# Phoenix - Desert Botanical Gardens - March 2009



## MissMia (Feb 21, 2009)

After seeing these *photographs*, I'm really inspired to go! It looks like the tickets are in time blocks. I'd be interested in going during the 4-8pm time period on a Saturday or Sunday.

Anyone want to join me? :mrgreen:

Chihuly: The Nature of Glass at the Desert Botanical Garden


----------



## Fox Paw (Feb 22, 2009)

If you get a quorum, I'll be there.  We're members but I haven't been in several years.


----------



## MissMia (Feb 23, 2009)

Great! I'm going to go, but thought a group might be fun.


----------



## boomer (Feb 28, 2009)

I just went last night! so cool!

Here are some of my pictures:
http://www.flickr.com/photos/nikonboomer/sets/72157614495378277/show/


----------



## mathogre (Feb 28, 2009)

boomer said:


> I just went last night! so cool!
> 
> Here are some of my pictures:
> Desert Botanical Garden



Cool photos, especially of the blue glass.


----------



## Mitica100 (Mar 1, 2009)

I might go!


----------



## MissMia (Mar 1, 2009)

That would be fun D! Let me know what your schedule looks like and we'll plan it. Any day of the week would be fine with me.


----------



## Mitica100 (Mar 1, 2009)

Well... Wouldn't you know it...  Wife asks me today if I wanna go w/her to see the Desert Botanical Garden and the Chihuly exhibit! So we went. I shot about 200 pics, will post some when I get them transferred.
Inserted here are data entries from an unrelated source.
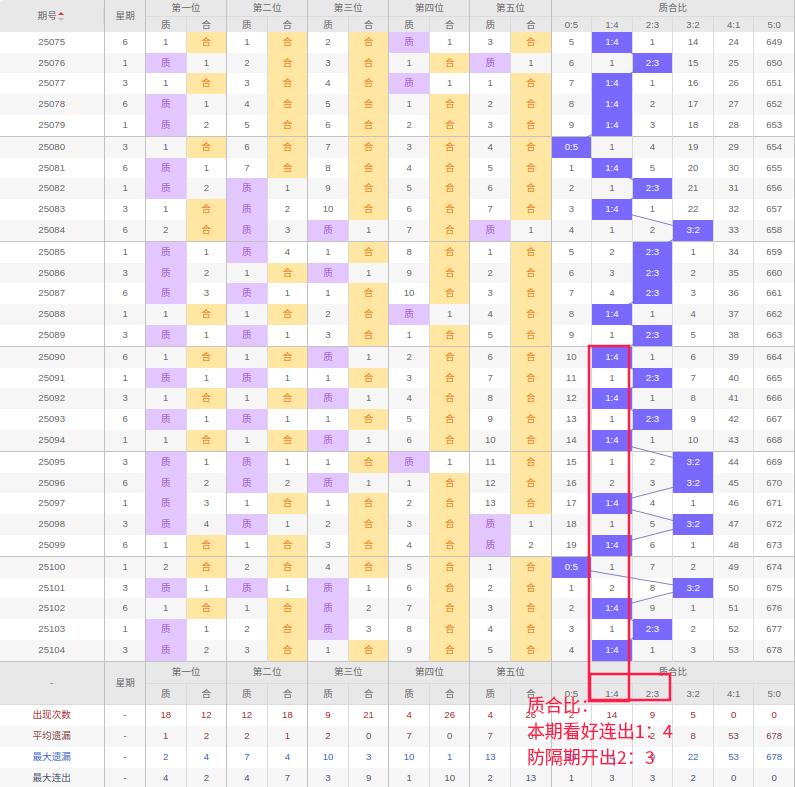 上期质合比:1:4,近10期质合比出现情况:3:2、3:2、1:4、3:2、1:4、0:5、3:2、1:4、2:3、1:4,最近10期出现4期3:2,出现1期2:3,出现0期4:1,出现4期1:4,出现0期5:0,出现1期0:5,根据近10期规律本期看好连出1:4,防隔期开出2:3,综上所述推荐质合比推荐:2:3,重点关注:1:4。
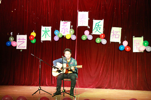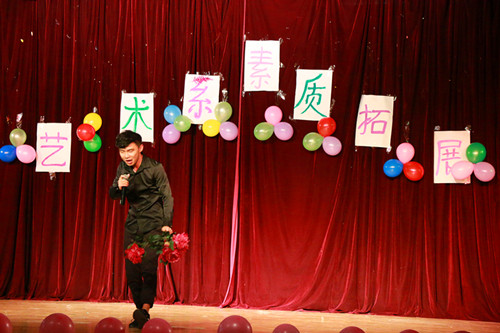 在幾項游戲過后,進行了一個調整迎接下面的比賽,藝術系張鈐陽、秦驊等同學的深情演唱將整個活動氣氛推向了高潮。
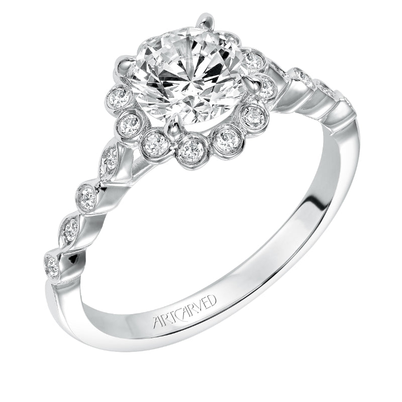 Artcarved Bridal Mounted with CZ Center Contemporary Bezel Halo Engagement Ring Pia 14K White Gold - 31-V563ERW-E.00
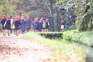 今日も朝からたくさんの子どもたちが落ち葉掃除に出ています。
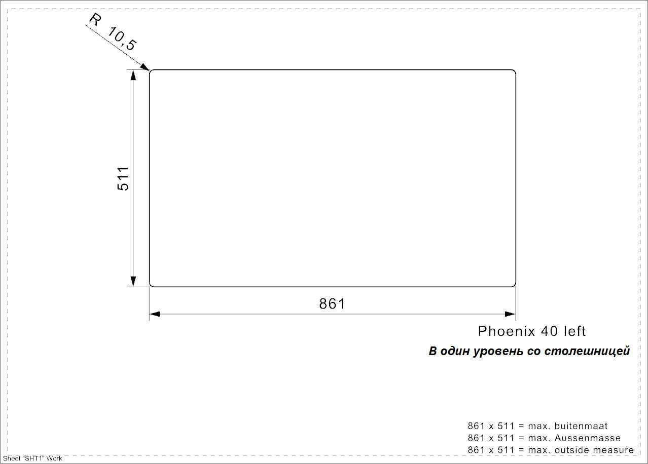 Врезной, вровень со столешницей

Important tip: there are reservations to be made. The Chihuly exhibit is best photographed from the last group of the day, 4pm to 8pm. You get great lighting and then you get more great lighting when they turn on the light displays for Chihuly's glass works. You must make reservations a day or so in advance. Price is same, whether you care for Chihuly show or not. I found it just OK, perhaps a wee on the 'commercial' side of things, however it was pretty cool.


----------